We have a script [convert_to_onnx.py](https://github.com/microsoft/onnxruntime/blob/master/onnxruntime/python/tools/transformers/convert_to_onnx.py) that could help you to convert GPT2 with past state to ONNX. 

The script accepts a pretrained model name or path of a checkpoint directory as input, and converts the model to ONNX. It also verifies that the ONNX model could generate same input as the pytorch model. The usage is like 
```
python -m onnxruntime.transformers.convert_to_onnx -m model_name_or_path --output gpt2.onnx -o -p fp32|fp16|int8
```
The -p option can be used to choose the precision: fp32 (float32), fp16 (mixed precision) or int8 (quantization). The -o option will generate optimized model, which is required for fp16 or int8.

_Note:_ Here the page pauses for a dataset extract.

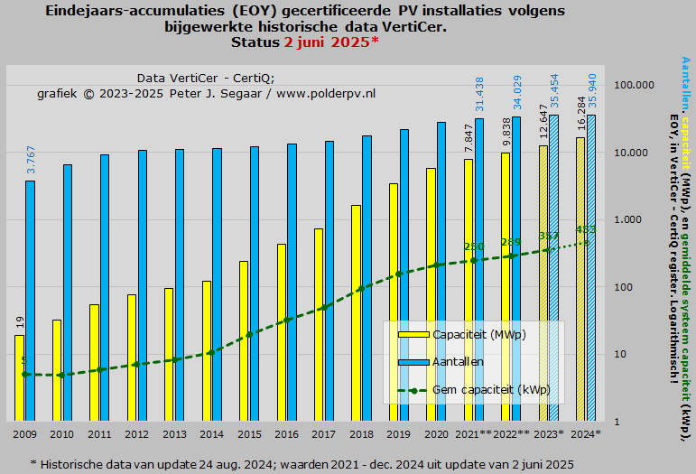 De tweede grafiek in deze sectie geeft niet de maandelijkse progressie (paragraaf 2a), maar de evolutie van de eindejaars-accumulaties van 2009 tm., achteraan, 2024 weer, met alle ondertussen weer gewijzigde data in de huidige VertiCer update. De opbouw van de grafiek is vergelijkbaar met die voor de laatste maand-cijfers, maar om alle data in 1 grafiek te krijgen zonder extreme verschillen, is de Y-as voor alle drie de parameters hier logarithmisch gekozen. Het aantal installaties is fors toegenomen, van 3.767 exemplaren, eind 2009, naar 34.029, eind 2022, resulterend in een Compound Annual Growth Rate (CAGR) van gemiddeld 18,4% per jaar in 2009-2022. Eind december 2023 staat de teller alweer op 35.454 projecten; de CAGR voor de periode 2009-2023 heeft, met de nog voorlopige data voor met name 2023, een gemiddelde van 17,4% per jaar.

Here we use a pretrained model as example:

In [6]:
from onnxruntime.transformers.gpt2_helper import Gpt2Helper, MyGPT2LMHeadModel
from transformers import AutoConfig
import torch

model_name_or_path = "gpt2"
config = AutoConfig.from_pretrained(model_name_or_path, cache_dir=cache_dir)
model = MyGPT2LMHeadModel.from_pretrained(model_name_or_path, config=config, cache_dir=cache_dir)
device = torch.device("cpu")
model.eval().to(device)

print(model.config)

num_attention_heads = model.config.n_head
hidden_size = model.config.n_embd
num_layer = model.config.n_layer

Collecting transformers
  Downloading transformers-4.11.3-py3-none-any.whl (2.9 MB)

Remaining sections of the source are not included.